You are viewing a plain text version of this content. The canonical link for it is here.
Posted to user@flink.apache.org by Lars Skjærven <la...@gmail.com> on 2021/12/07 09:03:10 UTC

Scala Case Class Serialization

Hello,
We're running Flink 1.14 with scala, and we're suspecting that performance
is suffering due to serialization of some scala case classes.
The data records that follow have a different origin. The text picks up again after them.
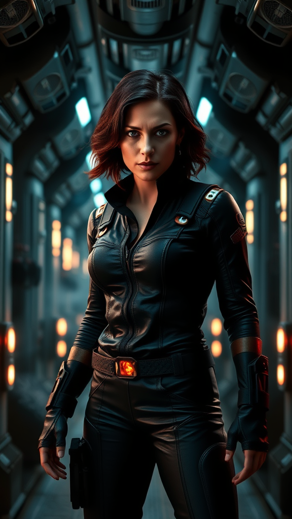 A stunning cinematic 8k wallpaper of Ellen Ripley, rendered with a hyper-realistic octane engine, showcasing her in a powerful and determined stance in a dimly lit futuristic corridor, enhanced with intense shadows and vivid colors, detailed textures highlighting her iconic jumpsuit and expressive features, ambient light reflecting off metallic surfaces, atmospheric elements like swirling mist adding depth, capturing the essence of a sci-fi heroine facing the unknown with unwavering resolve.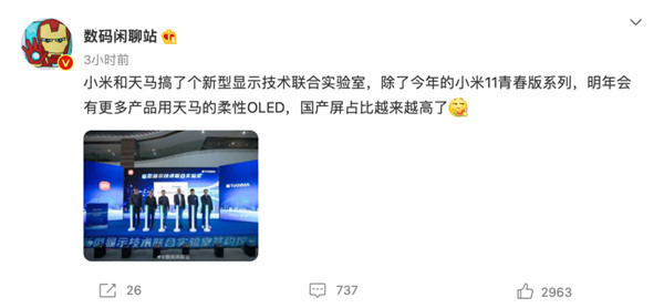 12 月 16 日消息,据数码闲聊站消息,除了今年的小米 11 青春版系列,小米明年会有更多产品用天马的柔性 OLED 屏,国产屏占比会越来越高。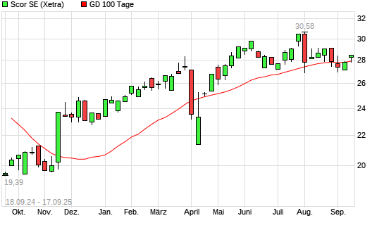 Mit dem Anstieg auf 28,38 EUR hat die Scor-Aktie am 17.09.2025 die 100-Tage-Linie nach oben gekreuzt.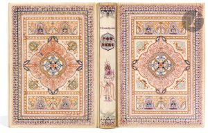 d’un riche décor oriental peint en couleurs, dos lisse orné de motifs orientaux peints en couleurs, frise orientale peinte en couleurs à l’intérieur, doublures et gardes de soie moirée rouge, tranches dorées sur témoins, doubles gardes, couverture et dos conservés, chemise à dos de parchemin blanc orné du titre et de dessins originaux peints, étui (G. Levitzky)...Édition très recherchée de ce superbe ouvrage sur la Thaïlande, illustré de 50 aquarelles en couleurs, dont 10 à pleine page, ainsi que de divers ornements, compositions décoratives à pleine page, bandeaux et vignettes d’après l’artiste peintre orientaliste et voyageur Joseph de LA NÉZIÈRE (1873-1944). Le titre indique par erreur H. de La Nézière...L’édition fut tirée à 350 exemplaires ; celui-ci est l’un des 62 sur japon, spécialement imprimé pour le relieur Grégoire Levitzky (1885-1969), enrichi d’une suite des aquarelles sur papier vélin, en bistre ou en bleu, et d’une épreuve rehaussée de la planche de la page 103, reliée en tête...Superbe exemplaire dans une spectaculaire reliure peinte de Levitzky, réalisée pour sa collection personnelle. Il a pris soin de l’orner d’un décor d’une grande richesse et d’une grande finesse..Exemplaire enrichi du prospectus de parution.

Specifically
we're seeing that our Case Class "cannot be used as a POJO type because not
all fields are valid POJO fields, and must be processed as GenericType",
and that the case class "does not contain a setter for field X". I'm
interpreting these log messages as performance warnings.

A simple case class example we're writing to state that triggers the
mentioned 'warnings':
case class Progress(position: Int, eventTime: Int, alive: Boolean)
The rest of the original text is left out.